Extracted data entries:
::::::::::

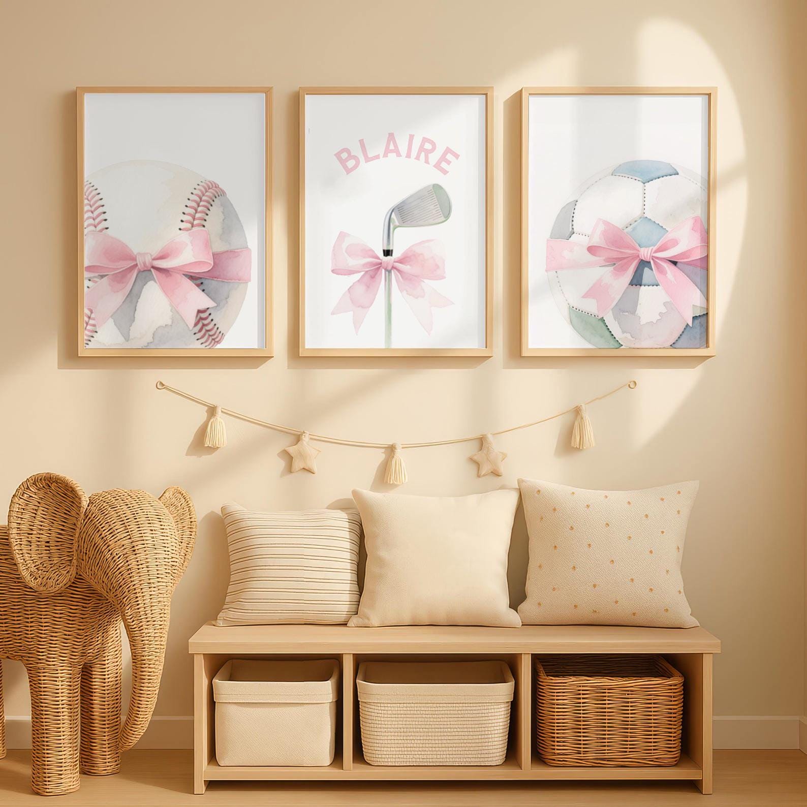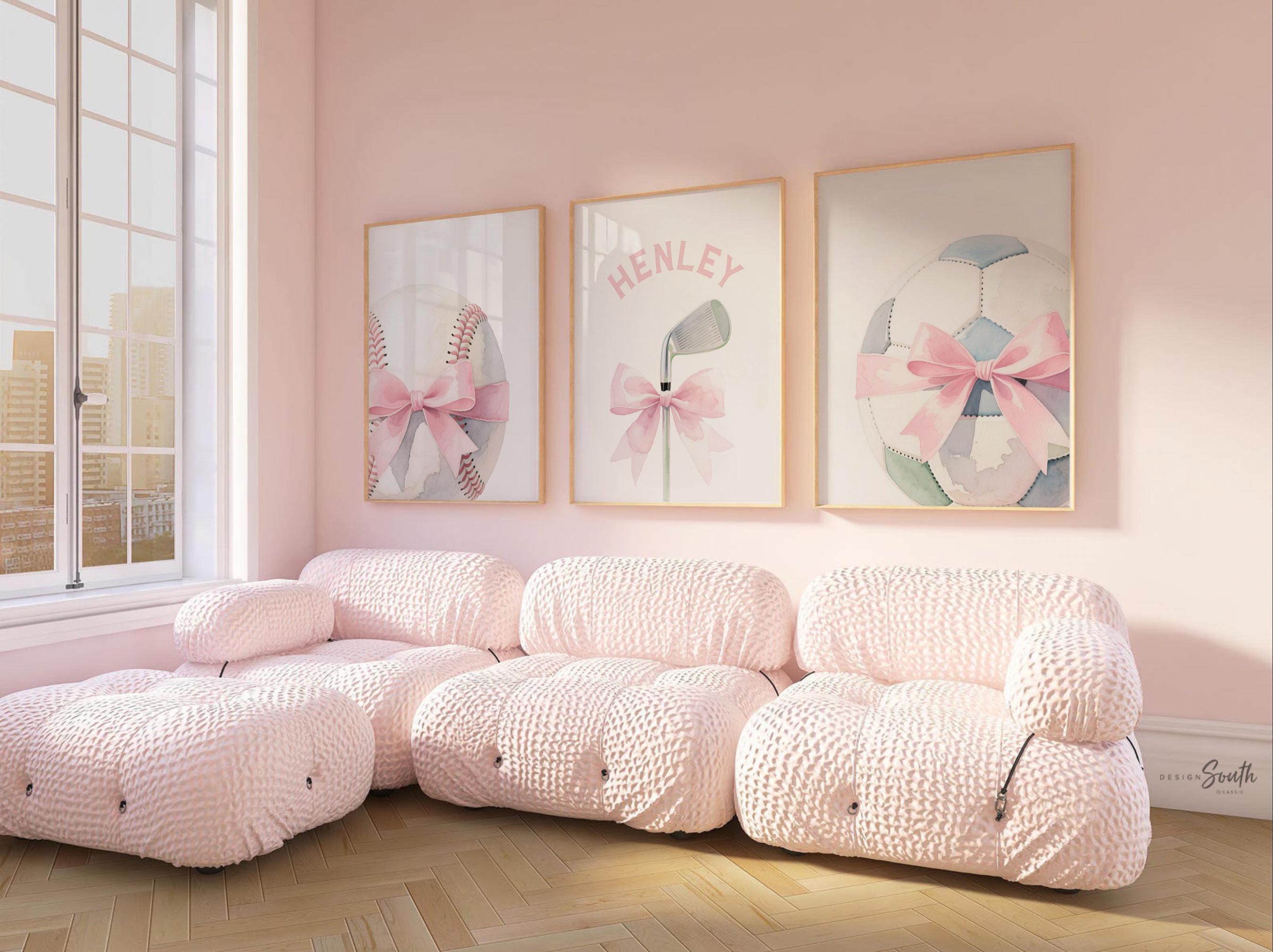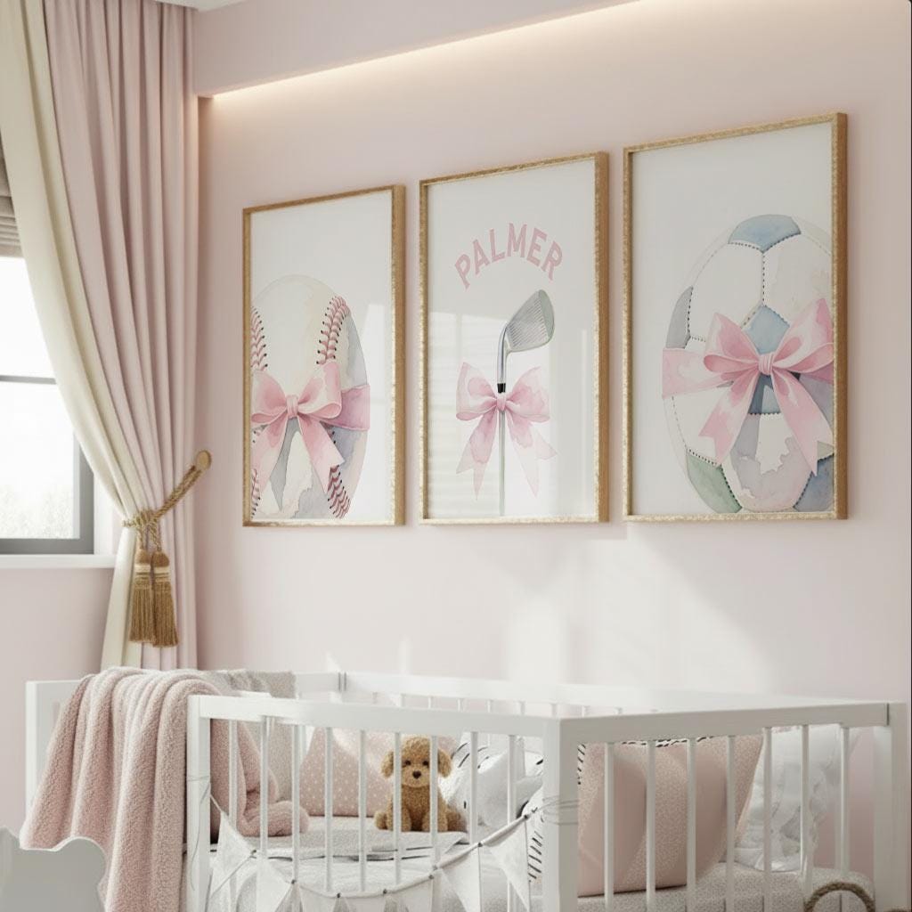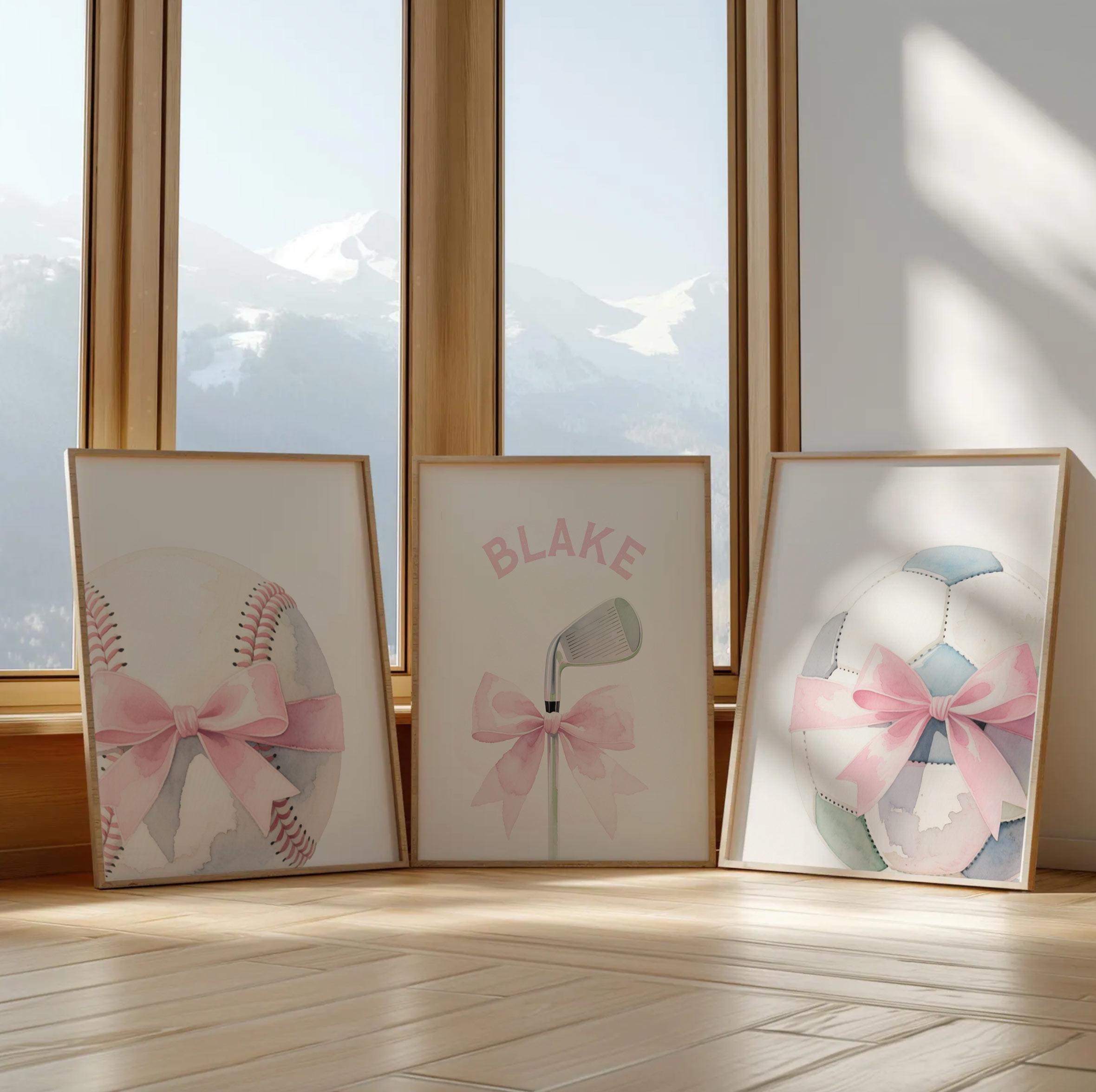Product description: Original sports theme watercolor prints in shades of pink and gray including a golf club, softball, and soccer ball, all accented with a bows with matching personalized print to be customized with your child's name. Other options are also available in my shop.
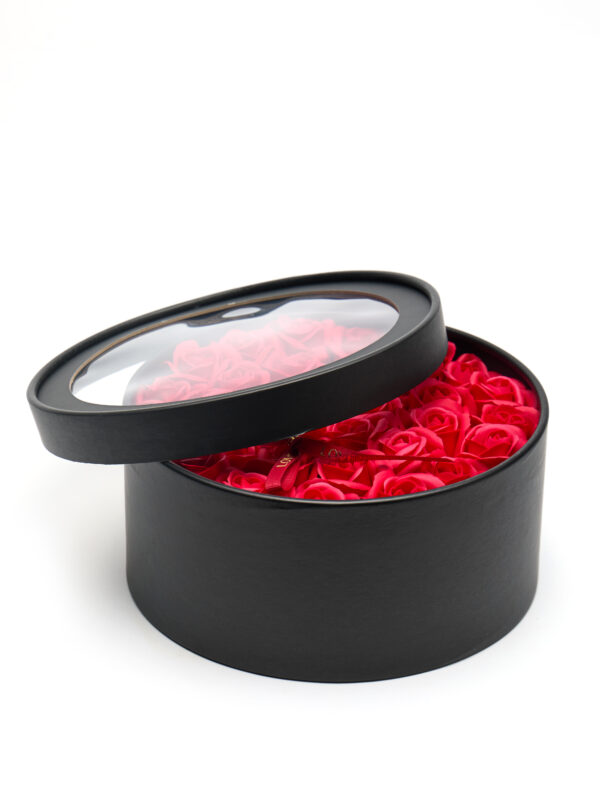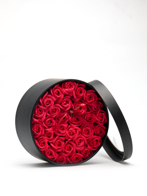 FLOWERBOX Z KWIATAMI MYDLANYM 28 szt UPOMINEK na walentynki KWIATY RÓŻE MYDLANE
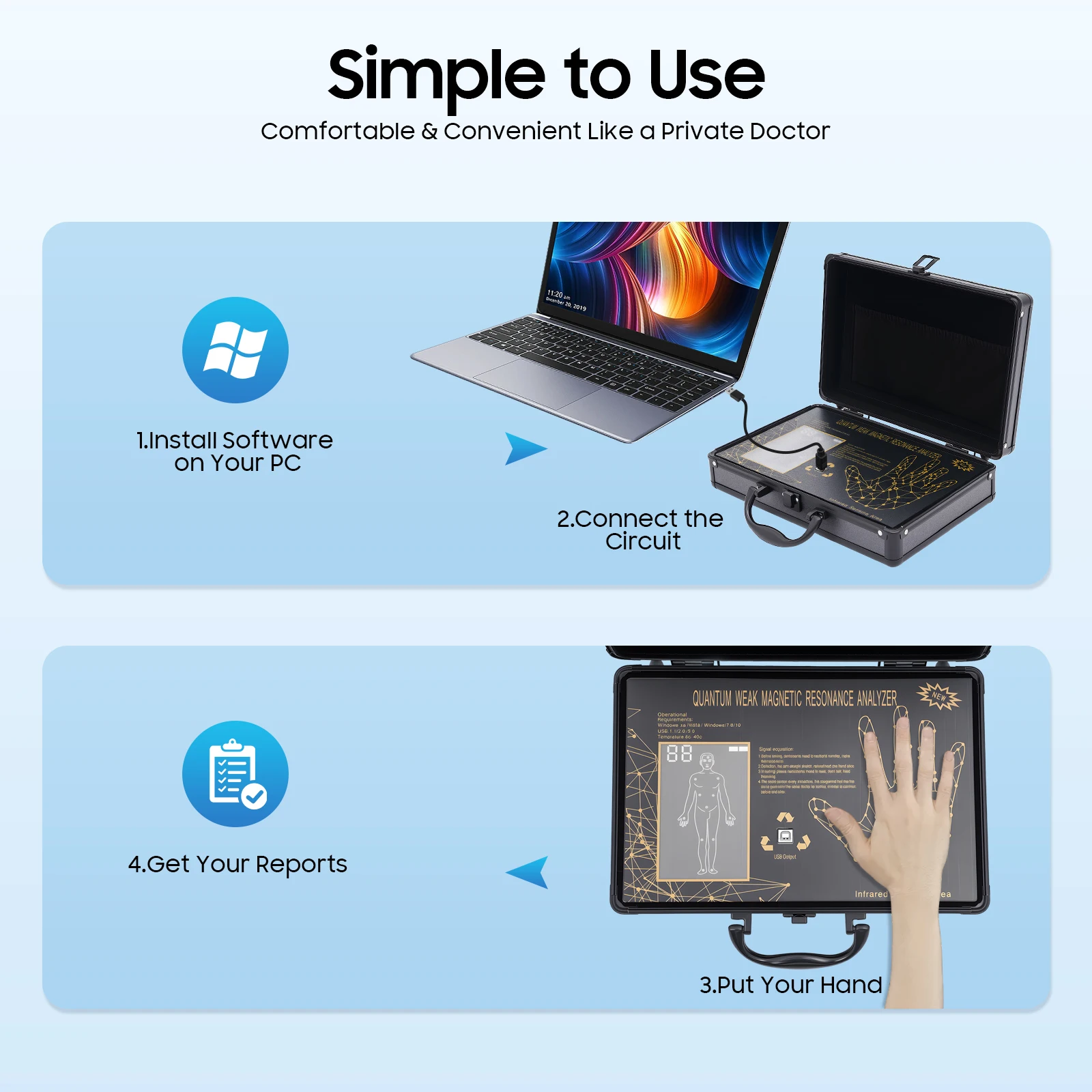 Simple to Use: You just need to install the software on your device, connect all the lines, put your hand on the infrared sensing area, and get your reports.
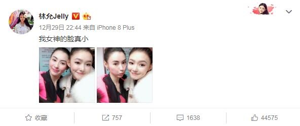 1905电影网讯 12月29日晚,林允发布一条微博,晒出了自己与张柏芝的合照,并写道:“我女神的脸真小”,引来网友不断转发。有网友称:“都小,超级美!!!”“我的两个女神同框了”
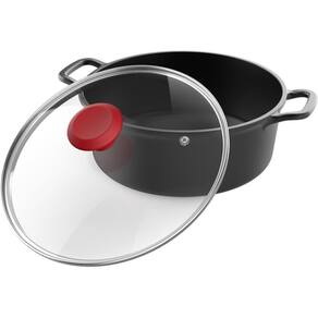 1 Caçarola de Alumínio de 24cm; 1 Tampa de Vidro de 24cm Pomel Vermelho; 1 Manual de Instrução.

::::::::::

What is needed: From the first line through the line with "FLOWERBOX Z KWIATAMI", output those lines of the entries above exactly, and nothing else, with the pictures left out.

Task response:
Product description: Original sports theme watercolor prints in shades of pink and gray including a golf club, softball, and soccer ball, all accented with a bows with matching personalized print to be customized with your child's name. Other options are also available in my shop.
 FLOWERBOX Z KWIATAMI MYDLANYM 28 szt UPOMINEK na walentynki KWIATY RÓŻE MYDLANE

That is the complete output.